Task description -
Among the records below, find the line with "最终555以32小时48分的" and the line with "Available for sale". Set down both and every line between, exactly and with no pictures, but nothing else.

Information provided -
+ + + +
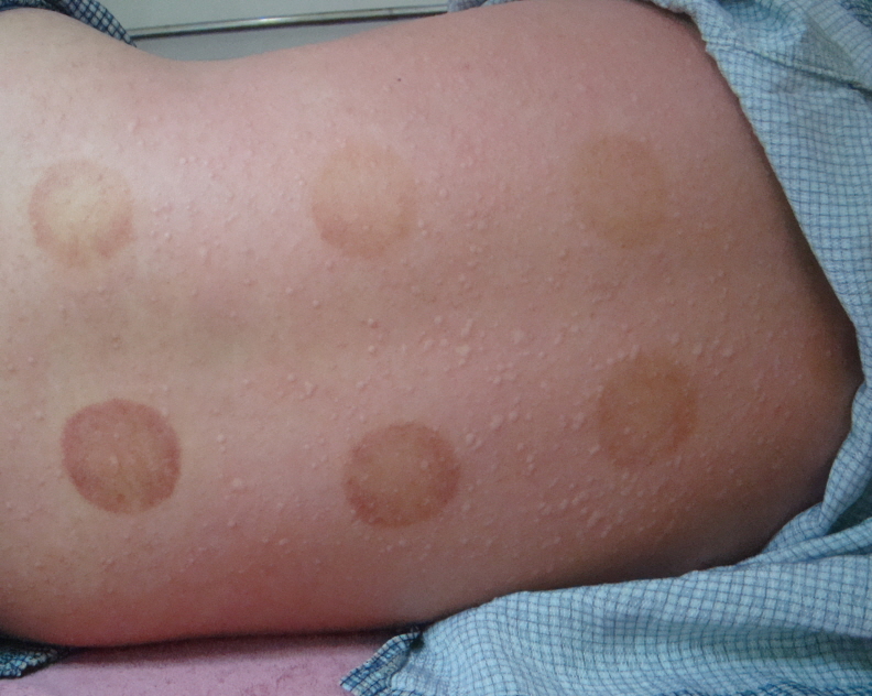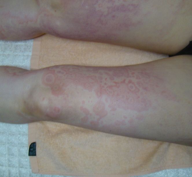 그밖에도 두드러기 형태 중 ‘원심고리홍반’이라는 것이 있습니다. 홍반이 생기되 피부가 크게 융기되지는 않고, 원 가운데 색은 정상 피부색에 가까운 모양으로 나타납니다.
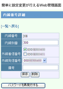 内線増減、グルーピング、呼び出し設定、発信設定、転送設定など■ 専門の業者に依頼する事なく、お客様ご自身で簡単に行うことができます
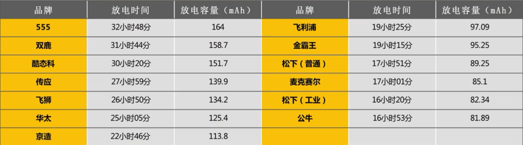 最终555以32小时48分的放电时间、放电容量164毫安时位居第一,价格最贵的松下车钥匙专用款放电容量仅有82.34毫安时,居倒数第二,公牛则以81.89毫安时放电容量垫底。
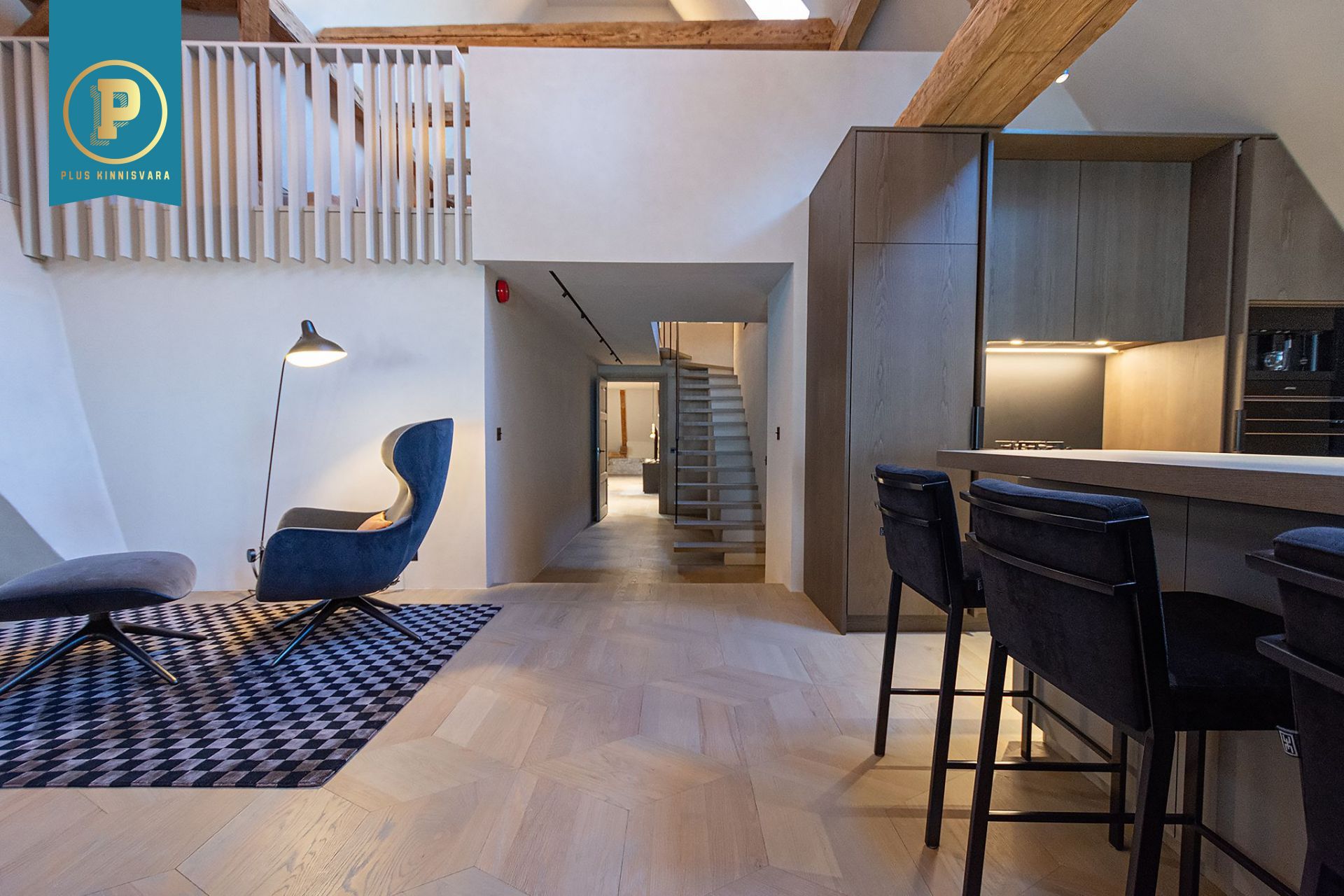 Pakutav kodu laiub ajaloolise hoone kolmandal ja neljandal korrusel. Kõrgeim ja avaraim osa korterist on lausa ca 7 m kõrgune ja pakutav kodu on osaliselt 2-korruseline. Ruumikas ja valgusküllane, avatud planeeringuga elutuba ühendub elegantse köögialaga, luues ideaalse keskkonna meelelahutuseks ja igapäevaeluks. Privaatsed magamistoad, kus mõlemas on oma olmeblokk, millest peamises on lausa väiksem spaaala. Pakutava kodu iga sentimeeter on läbimõeldud ja viimistletud ülima täpsusega, et tagada kodusolijate maksimaalne mugavus. Pakutav kodu müüakse koos kogu piltidel näha oleva mööbli-, tehnika- ja sisustuselementidega.
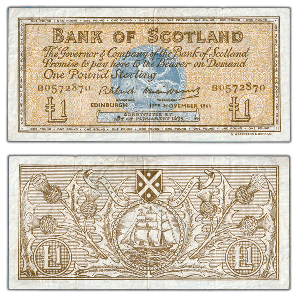 Available for sale is a Scotland 1961 1 One Pound Note SC #107a - VF
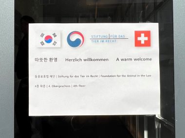 Im Juli durfte die Stiftung für das Tier im Recht (TIR) eine Delegation von offiziellen Regierungsvertretern der Republik Korea begrüssen. Dabei wurden vor allem die Ausgestaltung des Tierschutzrechts in der Schweiz und der entsprechende Vollzug diskutiert. Weitere Themen waren die politische Tierschutzarbeit, Ausbildungspflichten für Tierhaltende und die Sensibilisierungskampagnen der TIR.
+ + + +
Task result -
 最终555以32小时48分的放电时间、放电容量164毫安时位居第一,价格最贵的松下车钥匙专用款放电容量仅有82.34毫安时,居倒数第二,公牛则以81.89毫安时放电容量垫底。
 Pakutav kodu laiub ajaloolise hoone kolmandal ja neljandal korrusel. Kõrgeim ja avaraim osa korterist on lausa ca 7 m kõrgune ja pakutav kodu on osaliselt 2-korruseline. Ruumikas ja valgusküllane, avatud planeeringuga elutuba ühendub elegantse köögialaga, luues ideaalse keskkonna meelelahutuseks ja igapäevaeluks. Privaatsed magamistoad, kus mõlemas on oma olmeblokk, millest peamises on lausa väiksem spaaala. Pakutava kodu iga sentimeeter on läbimõeldud ja viimistletud ülima täpsusega, et tagada kodusolijate maksimaalne mugavus. Pakutav kodu müüakse koos kogu piltidel näha oleva mööbli-, tehnika- ja sisustuselementidega.
 Available for sale is a Scotland 1961 1 One Pound Note SC #107a - VF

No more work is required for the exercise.